Notice
This document is for a development version of Ceph.
Troubleshooting
Slow/stuck operations
Sometimes CephFS operations hang. The first step in troubleshooting them is to locate the problem causing the operations to hang. Problems present in three places:
in the client
in the MDS
in the network that connects the client to the MDS
First, use the procedure in Slow requests (MDS) to determine if the client has stuck operations or the MDS has stuck operations.
Dump the MDS cache. The contents of the MDS cache will be used to diagnose the nature of the problem. Run the following command to dump the MDS cache:
ceph daemon mds.<name> dump cache /tmp/dump.txt
Note
MDS services that are not controlled by systemd dump the file
dump.txt
to the machine that runs the MDS. MDS services that are
controlled by systemd dump the file dump.txt
to a tmpfs in the MDS
container. Use nsenter(1) to locate dump.txt
or specify another
system-wide path.
If high logging levels have been set on the MDS, dump.txt
can be expected
to hold the information needed to diagnose and solve the issue causing the
CephFS operations to hang.
Stuck during recovery
Stuck in up:replay
If your MDS is stuck in the up:replay
state, then the journal is probably
very long. The presence of MDS_HEALTH_TRIM
cluster warnings can indicate
that the MDS has not yet caught up while trimming its journal. Very large
journals can take hours to process. There is no working around this, but there
are things you can do to speed up the process:
Temporarily disable MDS debug logs by reducing MDS debugging to 0
. Even
with the default settings, the MDS logs a few messages to memory for dumping in
case a fatal error is encountered. You can turn off all logging by running the
following commands:
ceph config set mds debug_mds 0
ceph config set mds debug_ms 0
ceph config set mds debug_monc 0
Remember that when you set debug_mds
, debug_ms
, and debug_monc
to
0
, if the MDS fails then there will be no debugging information that can be
used to determine why fatal errors occurred.

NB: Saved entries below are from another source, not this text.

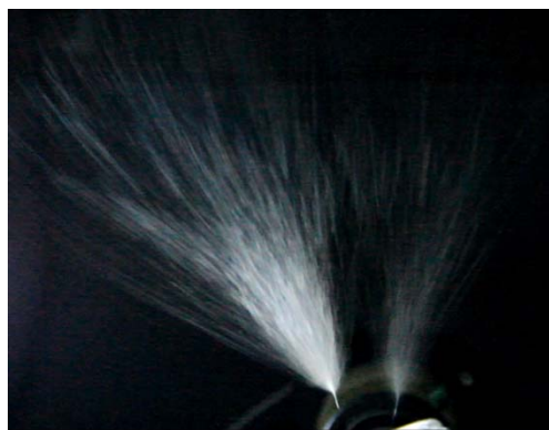
Figure 1. The spinning process of small bubbles in liquid membrane

A 7 wt.% polyvinyl alcohol (PVA) solution is used in our experiment, the applied voltage is 15 kV and the distance between the solution surface and the metal receiver is 30 cm. All the experiments were carried on at temperature 20 degrees with a relative humidity of 53%. The spinning process was performed on the bubbfil spinning equipment (Nantong Bubbfil Nanotechnology company limited). In the spinning process thin film is produce to form uniform micro or nano bubbles. The size of produced bubbles mainly depends upon the thickness of the produced film. The spinning process is illustrated in fig.1, where we can see millions of jets, which are solidified to nanofibers after solvent evaporation, fig. 2, which shows the morphology of the obtained uniform nanofibres observed by field emission-scanning electronic microscopy (S-4800, Hitachi Ltd., Japan).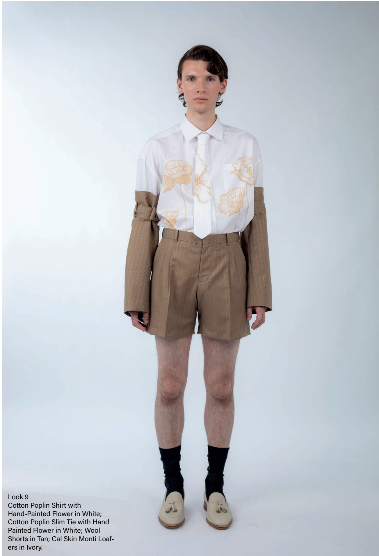
Look 9 Cotton Poplin Shirt with Hand-Painted Flower in White; Cotton Poplin Slim Tie with Hand Painted Flower in White; Wool Shorts in Tan; Cal Skin Monti Loaf- ers in Ivory.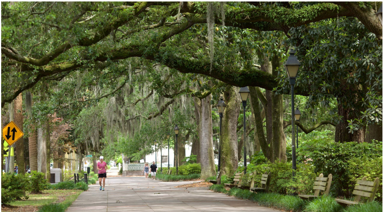
Spanning more than 30 acres, Forsyth Park is Savannah's largest and oldest public park, where festivals, concerts and the weekly Forsyth Park Farmers' Market are held.

The City of Savannah, GA, is an Equal Opportunity Employer.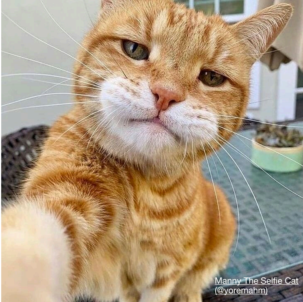
Manny The Selfie Cat

The purpose of choosing a selfie or a photographer shot is to empower participants to gain control of their own “self”, by opening a dialogue with themselves through photography in the shooting, and choosing the photo for himself/herself.

If you can calculate when
up:replay
will complete, restore these configurations just prior to
entering the next state:
ceph config rm mds debug_mds
ceph config rm mds debug_ms
ceph config rm mds debug_monc
After replay has been expedited, calculate when the MDS will complete the replay. Examine the journal replay status:
$ ceph tell mds.<fs_name>:0 status | jq .replay_status
{
"journal_read_pos": 4195244,
"journal_write_pos": 4195244,
"journal_expire_pos": 4194304,
"num_events": 2,
"num_segments": 2
}
Replay completes when the journal_read_pos
reaches the
journal_write_pos
. The write position does not change during replay. Track
the progression of the read position to compute the expected time to complete.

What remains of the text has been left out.